Том 9 — страница 114 из 144

В Азии, судя по последним сообщениям, дело принимает для турок еще более благоприятный оборот, чем в Европе. Имеются сведения, что черкесские племена охвачены всеобщим восстанием против русских и действуют объединенными силами, что в их руках находятся ворота Кавказа и коммуникации в тылу у графа Воронцова перерезаны, в то время как с фронта на него наседают турецкие войска. Итак, с самого начала война повсюду принесла поражения царю. Будем надеяться, что так оно продолжится до конца и что война научит русских и их правительство умерять свое честолюбие и высокомерие и побудит их отныне заниматься лишь своими собственными делами.

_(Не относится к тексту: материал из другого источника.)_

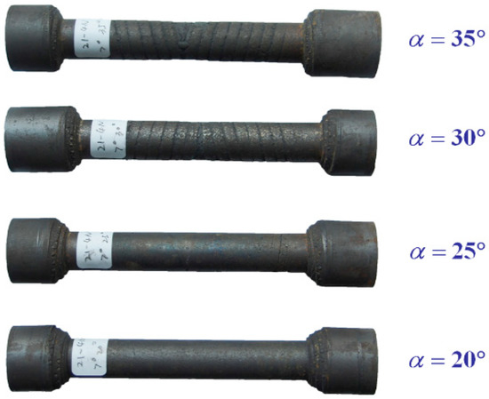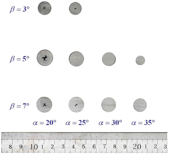 The influence of the forming angle on central quality is shown in Figure 7. With the increase of the forming angle, the central damage got smaller, and when , no central damage was found. At , when , the workpiece has a cavity of about 2.9 mm2 in area, when , the cavity decreases to about 1.4 mm2 in area. No cavity was found when and . Along with the increase of forming angle, the area A was kept the same, but the shape of area B became steeper. This caused a larger axial force, which was good for the metal’s axial deformation and the lateral deformation became smaller. Consequently, the shear stress at the cross section got smaller, and central cavities were less likely to be nucleated. Meanwhile, the rolling radius of the rolled part increased with the increase of the forming angle [34], which caused the rolling cycles to decrease. The wedge type dies got shorter with a larger forming angle. When , the total length was 1215 mm, which is a little smaller than that of . As such, the cyclic number of shear deformation decreased [23]. Smaller shear stress and the less frequent cycles of shear stress led to a better central quality at a larger forming angle.

Написано Ф. Энгельсом около 18 ноября

Напечатано в газете «New-York Daily Tribune» № 3944, 7 декабря 1853 г. в качестве передовой

Печатается по тексту газеты

Перевод с английского

На русском языке публикуется впервые

К. МАРКСРЫЦАРЬ БЛАГОРОДНОГО СОЗНАНИЯ[365]

Написано К. Марксом около 21–28 ноября 1853 г.

Напечатано отдельной брошюрой в январе 1854 г. в Нью-Йорке

Печатается по тексту брошюры

Перевод с немецкого

Подпись: Карл Маркс



Титульный лист первого издания памфлета К. Маркса «Рыцарь благородного сознания»


Герой малой войны (см. Деккер. «Теория малой войны[366]) может быть лишен благородства, но он должен обладать хотя бы благородным сознанием. По Гегелю, благородное сознание неизбежно превращается в низменное сознание[367]. Это превращение я проиллюстрирую на примере излияний г-на Виллиха, совмещающего в одном лице Петра Пустынника и Вальтера Голяка. Я ограничусь cavaliere della ventura{51}; стоящих же за ним его cavalieri del dente{52} я предоставлю их собственной участи.

Дабы с самого начала дать почувствовать, что благородному сознанию свойственно выражать истину в «высшем» смысле с помощью лжи в «обычном» смысле, г-н Виллих начинает свой ответ на мои «Разоблачения»[368] следующими словами:

«Д-р Карл Маркс поместил в «Neu-England-Zeitung» и в «Criminal-Zeitung» отчет о кёльнском процессе коммунистов».

Я никогда не помещал в «Criminal-Zeitung» отчета о кёльнском процессе коммунистов. Известно, что я поместил в «Neu-England-Zeitung»[369] «Разоблачения», а г-н Виллих в «Criminal-Zeitung» поместил добровольные признания Гирша{53}.

На стр. 11 «Разоблачений» говорится следующее: «Из перечня украденных у партии Виллиха — Шаппера документов и из дат этих документов следует, что эта партия, хотя и была предупреждена кражей со взломом, совершенной Рёйтером, умудрилась и впредь позволять выкрадывать у нее документы и допускать их передачу в руки прусской полиции». На стр. 64 место это вкратце повторяется[370].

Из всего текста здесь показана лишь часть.